In 2019 Premiere opened a Cinertainment concept in Pell City, AL featuring Pizza Pub, bowling, redemption arcade, and ropes course along with its multi-screen recliner cinemas.

==D-BOX motion technology==
Premiere Cinemas partners with Quebec-based D-BOX Technologies, Inc. to bring D-BOX motion technology, programmed motion effects synchronized with the film to a platform or the seat.

==IMAX==
Premiere opened four IMAX screens under agreements with Toronto-based IMAX Corporation in Lubbock, El Paso, Temple and Bryan.

==Locations==
As of 2020 Premiere owned 250 screens in 22 locations in six U.S. states: Texas, New Mexico, Alabama, Florida, South Carolina and Mississippi.

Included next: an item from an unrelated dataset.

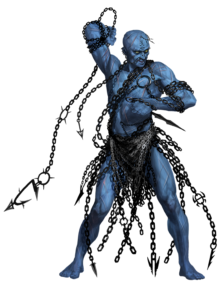 Many velstracs forge their own chains, but others outsource the task to unique velstracs known as almoners. These blind, deaf, and mute velstracs resemble six-armed halflings severed at the waist that toil away endlessly at a great burning foundry called the Shadow Forge. Almoners operate under mysterious strictures, and are just as likely to turn a velstrac away empty-handed as they are to hand one a finely crafted chain before the request has even been uttered.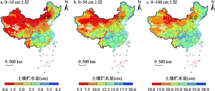 中国0~10、0~20、0~30、0~40、0~50、0~60、0~70、0~80、0~90和0~100cm 10个深度层次土壤贮水量的多年平均值及标准差分别为1.64±0.11、3.50±0.21、5.29±0.30、7.13±0.38、10.04±0.46、12.25±0.54、14.47±0.62、16.75±0.69、19.05±0.76和21.36±0.83 cm。土壤水分呈现明显的分层,即波动层(0~40cm)、跃变层(40~60 cm)和稳定层(60~100 cm)。中国1m土层贮水量具有自西北向东北和东南方向递增的分布格局。寒旱区土壤较干燥且空间变异程度较大,暖湿区土壤较湿润且空间分布更加均一。

Megaplex Premiere Cinema locations are operated in Lubbock, Bryan-College Station, Burleson, Abilene, Grand Prairie, Temple, El Paso, Spanish Fort, Bessemer, Gadsden, Pell City, Alabama, and Rio Rancho, New Mexico, and Biloxi, Mississippi . The Premiere in Rio Rancho was honored in 2012 by the New Mexico NOIAP as Outstanding Retail Development of the Year for the state. The City of Rio Rancho honored Premiere by naming a street after the company, Premiere Parkway.